Edit: Argh, I forgot to factor in the 12" extension past the porch. Let me do that real fast. Not too big of a difference, 6.33' for the roof height and 20' for the truss length. That should be perfect, with 8' walls for the house.


----------



## beachguy005 (Aug 4, 2015)

For the foundation I would use poured concrete in sonotubes to just above grade and 8x8 pt posts on galvi stand-offs to at least 7'.  Pt in the ground will always eventually rot.  If you look at houses on the Outer Banks of NC you'll see huge houses that are raised even higher.  Cross bracing is also needed.


----------



## Sparky617 (Aug 4, 2015)

If you want to eliminate the cross bracing go with masonry piers either brick or concrete block on a suitable footer.  With wood posts you'll need X bracing in both directions which will limit the usability of the space under the house.

You might be able to eliminate cross bracing with sonotube piers.  I'm not sure, I don't build for a living so I'll defer to the builders here.  I can eliminate cross bracing with brick piers here in NC.


----------



## nealtw (Aug 4, 2015)

If you dig a hole for the post to frost depth and enlarge the bottom of the hole for a footing. fill the hole with concrete add sono tube and fill to construction level, 3 lengths of 5/8 rebar in each all the way to the footing. The sono tube has to be supported and braced in place. run a 2x4 right beside where the tube will go and when you are ready, wrap it with shrink wrap to hold it in place.


----------



## slownsteady (Aug 4, 2015)

It would be great to know where (roughly) you are building, in order to account for things like frost (or not), snow load (or not), etc.


----------



## PolyBatman (Aug 5, 2015)

Well it is going to be built in the NE of Texas. There shouldn't be much of a snow load and the frost line is right around 12". I was definitely wanting to do the piers all sonotube. I was going to get some footing attachments for the sonotube and if rebar is necessary for the structural integrity of the sonotube pier I can accomplish that pretty easily. I haven't calculated the weight of the structure but it is going to be single story. Plus I was thinking of pouring enough sonotubes to support the wrap around porch as well as the structure of the house. I'll get some more numbers run and see if I can figure out how many piers I'll need and the spacing. Also with being able to install brackets into the top of the sonotube piers it should be rather quick to install the  floor joists and get the floor down fast.


----------



## bud16415 (Aug 5, 2015)

Before you get too far ahead of yourself make sure local building codes will allow such construction and that you will easily be able to get insurance on the finished dwelling. They may not except your calculations as it is not the normal method of building in your area, and they may want to see designs and calculations from a pro. Geodesic buildings are like that around here. They will allow them but you have to jump thru some hoops first. 
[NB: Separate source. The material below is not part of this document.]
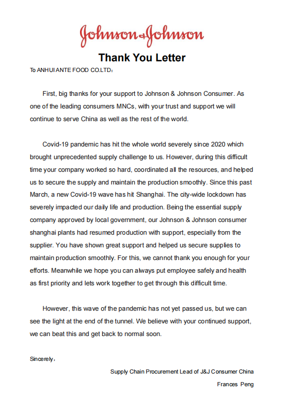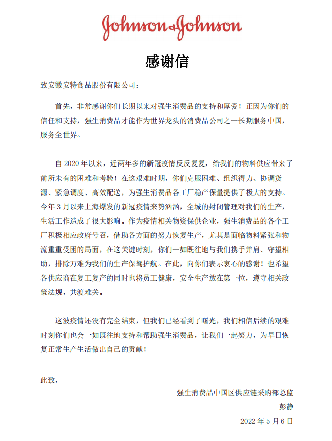 一封來自強(qiáng)生的感謝信

With a proper design for that size building I would think 4 corner piers would be enough and the decks could be cantilevered out if only 8 foot. If you are going to all the trouble to build in this manner then make it high enough so the space under it is of use I would think 8&#8217; would be more like it. Sometimes I see them with garage space below and sometimes a small core structure below that holds the utilities.


----------



## PolyBatman (Aug 7, 2015)

Well luckily the county I'm in has no building code requirements outside of septic. So I shouldn't have a problem getting anything constructed. I will still get plans drawn up, architectural and engineering, and get everything inspected in case there is any kind of inquiry into the property in the future. Since I am going to be doing a lot of the construction myself I am almost thinking that as much as I would like it to be 8' off the ground it would increase the difficulty in working on the structure. Since of course I would be 8' off the ground, lol. I might have to build one structure and then come back and build another structure 8' off the ground in another location. For now I might make it more reasonable at around 4' or 5' so if I fall I won't necessarily hurt myself too bad.


----------



## beachguy005 (Aug 8, 2015)

When you're done, the first thing you'll say is that you wish you built it 8' rather than 5'.  Especially after you bash your head a few time hunched over under it.


----------



## bud16415 (Aug 8, 2015)

I wouldn&#8217;t call it lucky exactly not having building code, and that is coming from a guy that often finds some of the codes to be a little excessive for someone that really knows what they are doing. On the other hand many times too much is better than not enough and is really better than none at all. It&#8217;s good you will be having some plans made and if you would want to share them or photos as the house goes up I know many here would like to be part of it from afar. 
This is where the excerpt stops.